→ Task statement
Print every entry exactly as it appears, but skip the pictures.

→ Supplied records

-=-=-=-=-

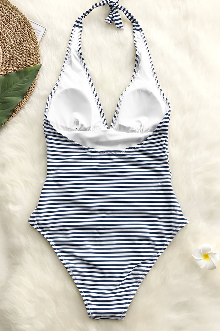 Bañador Halter Rayas Azules y Blancas de Una Pieza
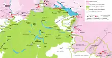 In the empire, Frederick faced the opposition of the Bavarian Wittelsbach dynasty and of his cousin Sigismund, who was duke in Tyrol, Vorarlberg, and Further Austria then. Sigismund had been in conflict with the Swiss Confederacy, too. When he had been banned by Pope Pius II in a conflict over the nomination of a bishop in Tyrol, the Swiss had annexed the formerly Habsburg territories of the Thurgau. In 1468, Sigismund clashed with the Swiss in the War of Waldshut, which he could end without significant territorial losses only by paying a large ransom, which he financed by pawning territories in the Sundgau and the Alsace to Charles the Bold of Burgundy in 1469.[4] Charles did not, however, help Sigismund against the Swiss, and so Sigismund bought back the territories in 1474 and concluded a peace treaty with the Confederacy, the Ewige Richtung, although the emperor never recognized it.[3] In the following Burgundy Wars, the Swiss and Sigismund both fought against Charles the Bold.
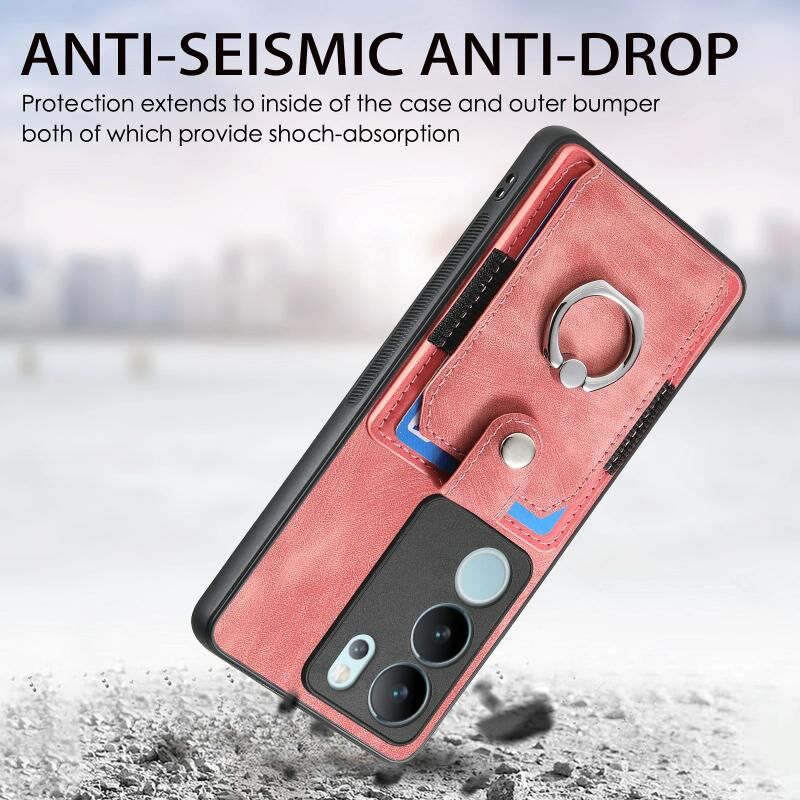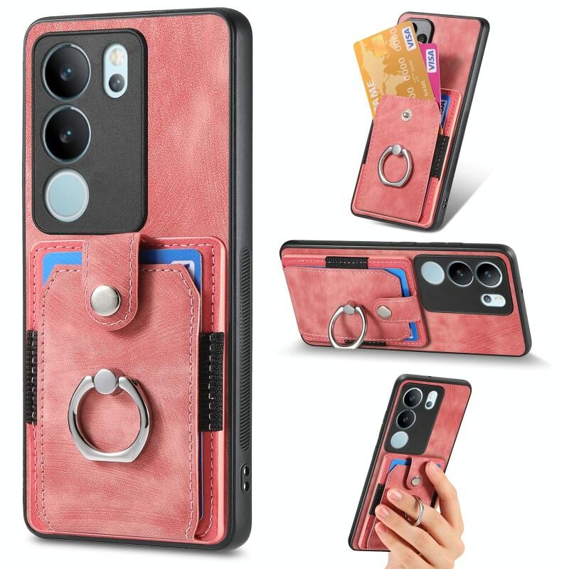 Για το vivo S17 Pro Retro δέρμα αίσθηση δαχτυλίδι κάρτας πορτοφόλι υπόθεση τηλεφώνου (ροζ)
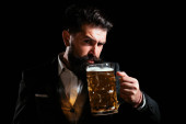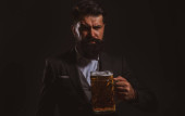 Piwne puby i bary. Facet trzymający kubek piwa. Szczęśliwy browar trzymający szkło z piwem.
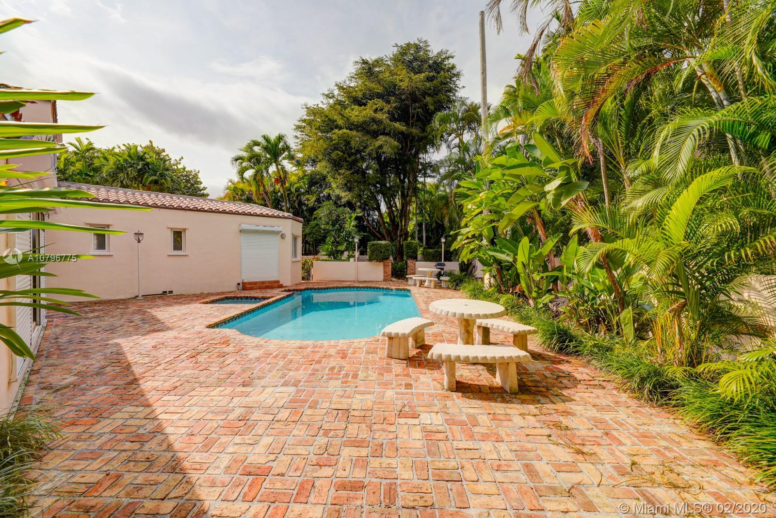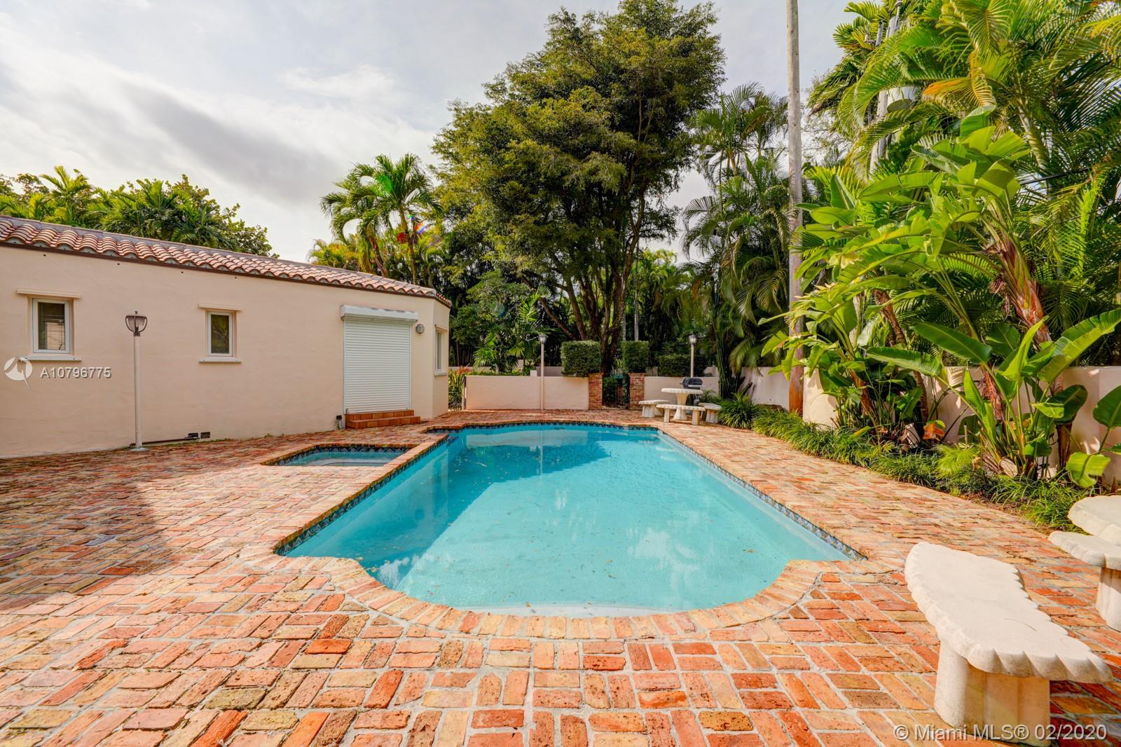 Fall in love with this spectacular Gables 3161 sqft pool home situated on a rarely available prime 24,990k sqft walled-in corner lot located in the gorgeous, desirable and historic Coral Gables. Walking distance to Venetian Pool, Miracle Mile, Biltmore Hotel, Granada Golf Course, fine dining, and Downtown Gables. Gated Spanish-Mediterranean design 4/3 baths with a great floor plan, car port, new roof, pool, jacuzzi and lush landscaping throughout. This house is built for upscale family style living and entertaining. Truly a one of a kind and charming home. A timeless classic!
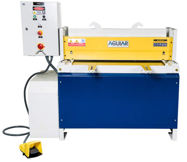 Características Técnicas: As Guilhotinas Eletromecânicas com Ângulo Fixo e Corte Prismático são maquinas industriais para corte de chapas metálicas e vários outros tipos de materiais. Fabricação 100% Nacional; Capacidade de corte em aço SAE 1010 / 1020 (R=420 N/mm²); Sistema de corte prismático com ângulo fixo; Transmissão por acoplamento mecânico de redutor de velocidade; Equipamento simples e de fácil manutenção; 2 modos de operação: ciclo normal e ciclo contínuo; Disposição do prensa-chapas mecânico paralelo ao plano de corte; Fácil visualização da linha de corte; Avanço pulsante para regulagem da folga entre facas; Braços de apoio frontal; Jogo de facas (superior/inferior) Standard com tratamento térmico e dois gumes de corte cada uma; Console do pedal de acionamento móvel com cabo flexível; Painel elétrico em caixa blindada IP-54; Segurança: Todas as máquinas AGUIAR são fabricadas de acordo com as atuais normas de segurança (NR-12). Antes do fechamento do negócio, porém o cliente deverá consultar a CIPA ou Técnico de Segurança de sua empresa sobre eventuais modificações nos itens de segurança dedicados ao seu processo de trabalho. Após a fabricação, eventuais adequações deverão ser providenciadas pelo cliente, às suas expensas. Modelos, comprimentos e capacidades: - AGM 1001 (1050 mm x 1,20 mm) - AGM 1301 (1300 mm x 1,20 mm) - AGM 2001 (2050 mm x 1,20 mm) - AGM 1002 (1050 mm x 2,00 mm) - AGM 1302 (1300 mm x 2,00 mm) - AGM 2002 (2050 mm x 2,00 mm) - AGM 3002 (3050 mm x 2,00 mm) - AGM 4002 (4050 mm x 2,00 mm) - AGM 1303 (1300 mm x 3,20 mm) - AGM 2003 (2050 mm x 3,20 mm) - AGM 3003 (3050 mm x 3,20 mm) - AGM 1304 (1300 mm x 4,00 mm) - AGM 2004 (2050 mm x 4,00 mm)
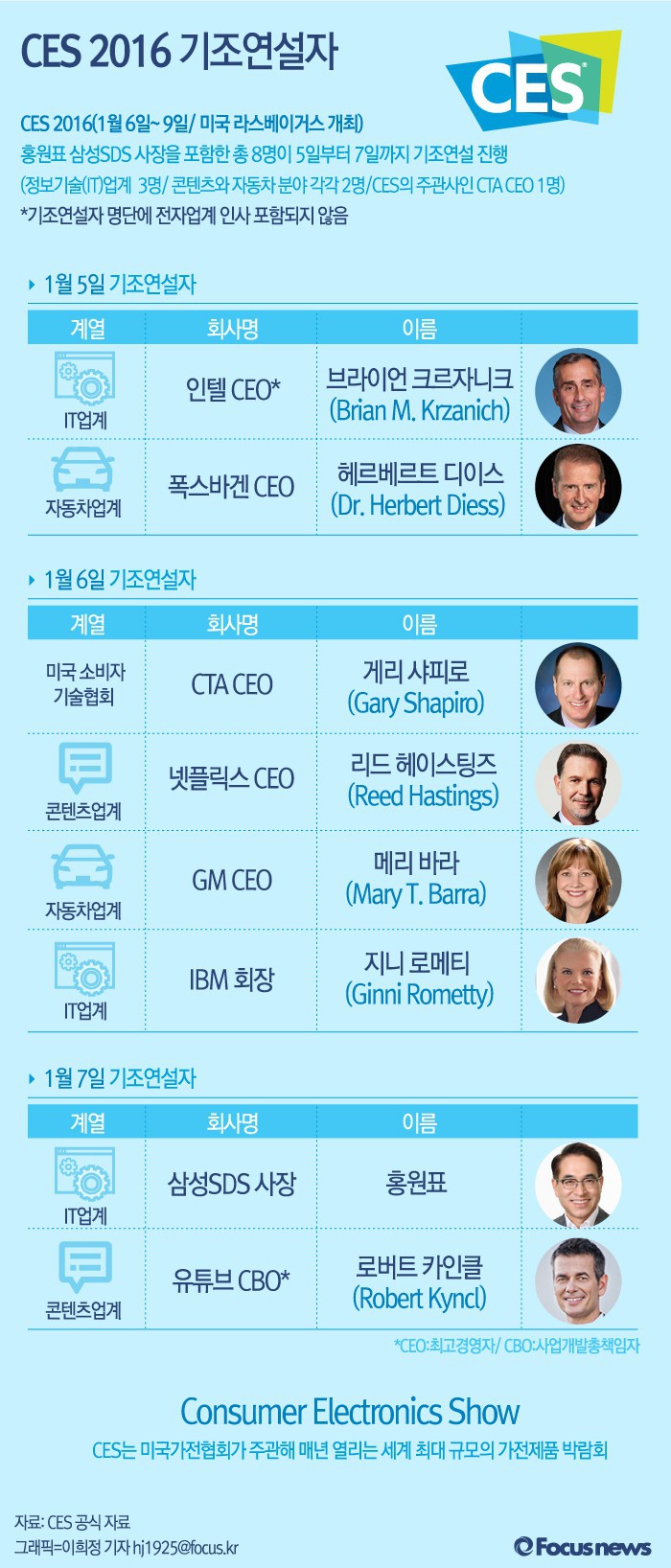 CES2016 기조연설자 8인 중 가장 많은 비중을 차지한 분야는 3명이 포함된 정보기술(IT)업계다. 콘텐츠와 자동차 분야가 그 뒤를 이어 각각 2명의 경영진이 기조연설을 진행한다. 나머지 한 명은 CES의 주관사인 CTA의 게리 샤피로(Gary Shapiro) 최고경영자(CEO)다.
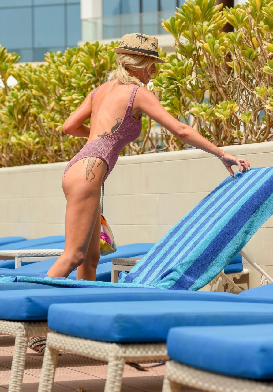 “Estrela de ‘Love Island’, Laura Anderson relaxa em uma espreguiçadeira enquanto está de férias em Dubai (2018). Laura Anderson, 29, é cabeleireira meio período que costumava ser comissária de bordo da Emirates Airlines.
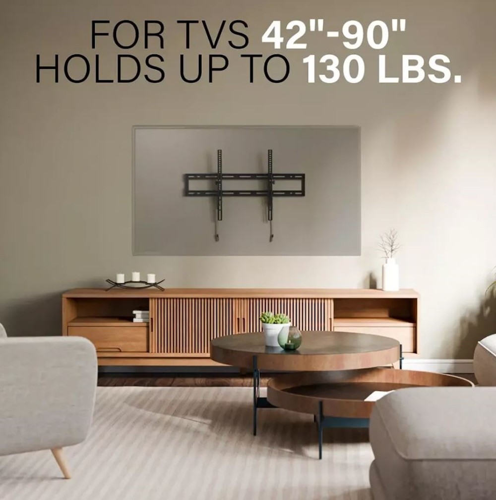 Maximum Weight (lbs.) 130 Minimum TV Size 42" Maximum TV Size 90" Item Length (in.) 28.12 Item Width (in.) 16.59 Item Height (in.) 2.12 Item Weight (lbs.) 4.5 Product Type Tilting TV Mounts Color Black TV Size Compatibility 55"-90"+ Mount Type Tilting Mount Location Wall Indoor/Outdoor Indoor Assembly Required Yes Tools Included No Hardware Included Yes Adjustable Height No Includes TV Mount, Installation Manual, Wall Template, Mount Installation Hardware Item Dimensions 28.12 x 2.12 x 16.59 Inches Item Weight 4.5 lbs. - Reviews
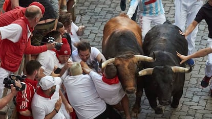 Y todo sucedió según lo previsto. Otra vez, una carrera rápida y limpia, tan previsible como anodina, demasiada perfecta para un espectáculo que pretende ser vivo y emocionante. Los mozos están quejosos y por las redes sociales convocaron una sentada de protesta que tuvo un corto alcance; algunos de ellos, pocos, ciertamente, siguieron la convocatoria en distintos tramos de la carrera y esperaron el sonido del cohete sentados en la calzada, muestra de que la decepción persiste ante la imposibilidad de correr delante de los toros, perfectamente arropados por los bien entrenados cabestros.
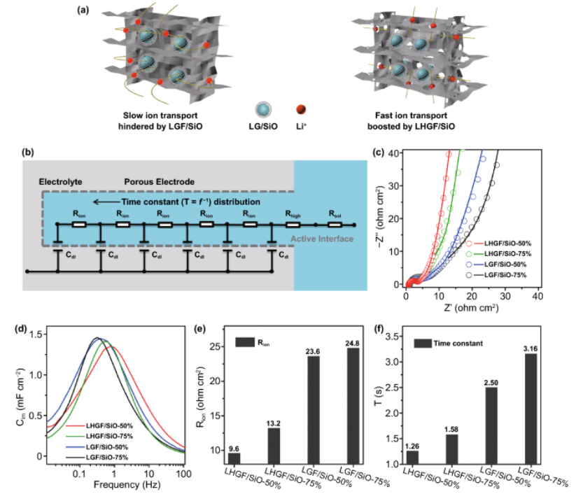 Fig 2. (a) LHGF/SiO和LGF/SiO電極中的Li?輸運示意圖;(b) 多孔電極結(jié)構(gòu)示意圖和等效電路模型;(c)對稱電極得到復(fù)合材料的Nyquist圖。符號和實線分別代表實驗和模擬結(jié)果;(d) 各種復(fù)合電極在質(zhì)量負荷為11 mg cm?²時;電容的虛部作為頻率的函數(shù)圖。(e) 不同復(fù)合電極的離子電阻(Rion)值;(f) 不同復(fù)合電極的時間常數(shù)(T)的函數(shù)值。
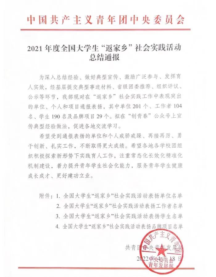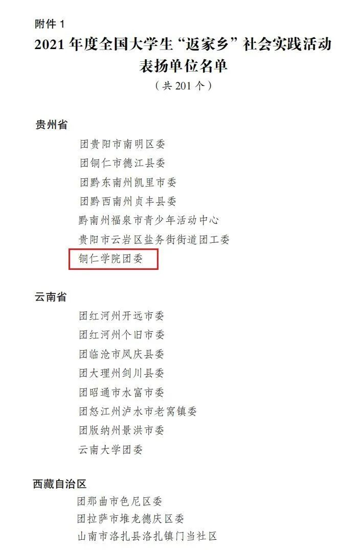 近日,共青团中央发布了2021年度大学生“返家乡”社会实践活动总结通报,对表现突出集体、个人和项目进行表扬。bv伟德国际1946团委获评2021年度全国大学生“返家乡”社会实践活动表扬单位,也是贵州省唯一荣获此表彰的高校团委。
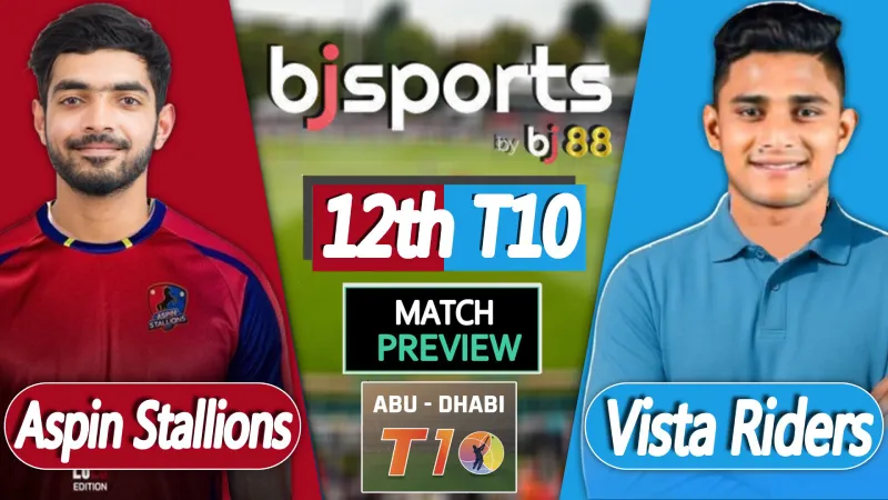 अबू धाबी T10 2025 | ऐस्पिन स्टैलियन्स बनाम विस्टा राइडर्स | 12वां T10 मैच प्रिव्यू – कौन जीतेगा ASP बनाम VIR?

-=-=-=-=-

→ Task output
 Bañador Halter Rayas Azules y Blancas de Una Pieza
 In the empire, Frederick faced the opposition of the Bavarian Wittelsbach dynasty and of his cousin Sigismund, who was duke in Tyrol, Vorarlberg, and Further Austria then. Sigismund had been in conflict with the Swiss Confederacy, too. When he had been banned by Pope Pius II in a conflict over the nomination of a bishop in Tyrol, the Swiss had annexed the formerly Habsburg territories of the Thurgau. In 1468, Sigismund clashed with the Swiss in the War of Waldshut, which he could end without significant territorial losses only by paying a large ransom, which he financed by pawning territories in the Sundgau and the Alsace to Charles the Bold of Burgundy in 1469.[4] Charles did not, however, help Sigismund against the Swiss, and so Sigismund bought back the territories in 1474 and concluded a peace treaty with the Confederacy, the Ewige Richtung, although the emperor never recognized it.[3] In the following Burgundy Wars, the Swiss and Sigismund both fought against Charles the Bold.
 Για το vivo S17 Pro Retro δέρμα αίσθηση δαχτυλίδι κάρτας πορτοφόλι υπόθεση τηλεφώνου (ροζ)
 Piwne puby i bary. Facet trzymający kubek piwa. Szczęśliwy browar trzymający szkło z piwem.
 Fall in love with this spectacular Gables 3161 sqft pool home situated on a rarely available prime 24,990k sqft walled-in corner lot located in the gorgeous, desirable and historic Coral Gables. Walking distance to Venetian Pool, Miracle Mile, Biltmore Hotel, Granada Golf Course, fine dining, and Downtown Gables. Gated Spanish-Mediterranean design 4/3 baths with a great floor plan, car port, new roof, pool, jacuzzi and lush landscaping throughout. This house is built for upscale family style living and entertaining. Truly a one of a kind and charming home. A timeless classic!
 Características Técnicas: As Guilhotinas Eletromecânicas com Ângulo Fixo e Corte Prismático são maquinas industriais para corte de chapas metálicas e vários outros tipos de materiais. Fabricação 100% Nacional; Capacidade de corte em aço SAE 1010 / 1020 (R=420 N/mm²); Sistema de corte prismático com ângulo fixo; Transmissão por acoplamento mecânico de redutor de velocidade; Equipamento simples e de fácil manutenção; 2 modos de operação: ciclo normal e ciclo contínuo; Disposição do prensa-chapas mecânico paralelo ao plano de corte; Fácil visualização da linha de corte; Avanço pulsante para regulagem da folga entre facas; Braços de apoio frontal; Jogo de facas (superior/inferior) Standard com tratamento térmico e dois gumes de corte cada uma; Console do pedal de acionamento móvel com cabo flexível; Painel elétrico em caixa blindada IP-54; Segurança: Todas as máquinas AGUIAR são fabricadas de acordo com as atuais normas de segurança (NR-12). Antes do fechamento do negócio, porém o cliente deverá consultar a CIPA ou Técnico de Segurança de sua empresa sobre eventuais modificações nos itens de segurança dedicados ao seu processo de trabalho. Após a fabricação, eventuais adequações deverão ser providenciadas pelo cliente, às suas expensas. Modelos, comprimentos e capacidades: - AGM 1001 (1050 mm x 1,20 mm) - AGM 1301 (1300 mm x 1,20 mm) - AGM 2001 (2050 mm x 1,20 mm) - AGM 1002 (1050 mm x 2,00 mm) - AGM 1302 (1300 mm x 2,00 mm) - AGM 2002 (2050 mm x 2,00 mm) - AGM 3002 (3050 mm x 2,00 mm) - AGM 4002 (4050 mm x 2,00 mm) - AGM 1303 (1300 mm x 3,20 mm) - AGM 2003 (2050 mm x 3,20 mm) - AGM 3003 (3050 mm x 3,20 mm) - AGM 1304 (1300 mm x 4,00 mm) - AGM 2004 (2050 mm x 4,00 mm)
 CES2016 기조연설자 8인 중 가장 많은 비중을 차지한 분야는 3명이 포함된 정보기술(IT)업계다. 콘텐츠와 자동차 분야가 그 뒤를 이어 각각 2명의 경영진이 기조연설을 진행한다. 나머지 한 명은 CES의 주관사인 CTA의 게리 샤피로(Gary Shapiro) 최고경영자(CEO)다.
 “Estrela de ‘Love Island’, Laura Anderson relaxa em uma espreguiçadeira enquanto está de férias em Dubai (2018). Laura Anderson, 29, é cabeleireira meio período que costumava ser comissária de bordo da Emirates Airlines.
 Maximum Weight (lbs.) 130 Minimum TV Size 42" Maximum TV Size 90" Item Length (in.) 28.12 Item Width (in.) 16.59 Item Height (in.) 2.12 Item Weight (lbs.) 4.5 Product Type Tilting TV Mounts Color Black TV Size Compatibility 55"-90"+ Mount Type Tilting Mount Location Wall Indoor/Outdoor Indoor Assembly Required Yes Tools Included No Hardware Included Yes Adjustable Height No Includes TV Mount, Installation Manual, Wall Template, Mount Installation Hardware Item Dimensions 28.12 x 2.12 x 16.59 Inches Item Weight 4.5 lbs. - Reviews
 Y todo sucedió según lo previsto. Otra vez, una carrera rápida y limpia, tan previsible como anodina, demasiada perfecta para un espectáculo que pretende ser vivo y emocionante. Los mozos están quejosos y por las redes sociales convocaron una sentada de protesta que tuvo un corto alcance; algunos de ellos, pocos, ciertamente, siguieron la convocatoria en distintos tramos de la carrera y esperaron el sonido del cohete sentados en la calzada, muestra de que la decepción persiste ante la imposibilidad de correr delante de los toros, perfectamente arropados por los bien entrenados cabestros.
 Fig 2. (a) LHGF/SiO和LGF/SiO電極中的Li?輸運示意圖;(b) 多孔電極結(jié)構(gòu)示意圖和等效電路模型;(c)對稱電極得到復(fù)合材料的Nyquist圖。符號和實線分別代表實驗和模擬結(jié)果;(d) 各種復(fù)合電極在質(zhì)量負荷為11 mg cm?²時;電容的虛部作為頻率的函數(shù)圖。(e) 不同復(fù)合電極的離子電阻(Rion)值;(f) 不同復(fù)合電極的時間常數(shù)(T)的函數(shù)值。
 近日,共青团中央发布了2021年度大学生“返家乡”社会实践活动总结通报,对表现突出集体、个人和项目进行表扬。bv伟德国际1946团委获评2021年度全国大学生“返家乡”社会实践活动表扬单位,也是贵州省唯一荣获此表彰的高校团委。
 अबू धाबी T10 2025 | ऐस्पिन स्टैलियन्स बनाम विस्टा राइडर्स | 12वां T10 मैच प्रिव्यू – कौन जीतेगा ASP बनाम VIR?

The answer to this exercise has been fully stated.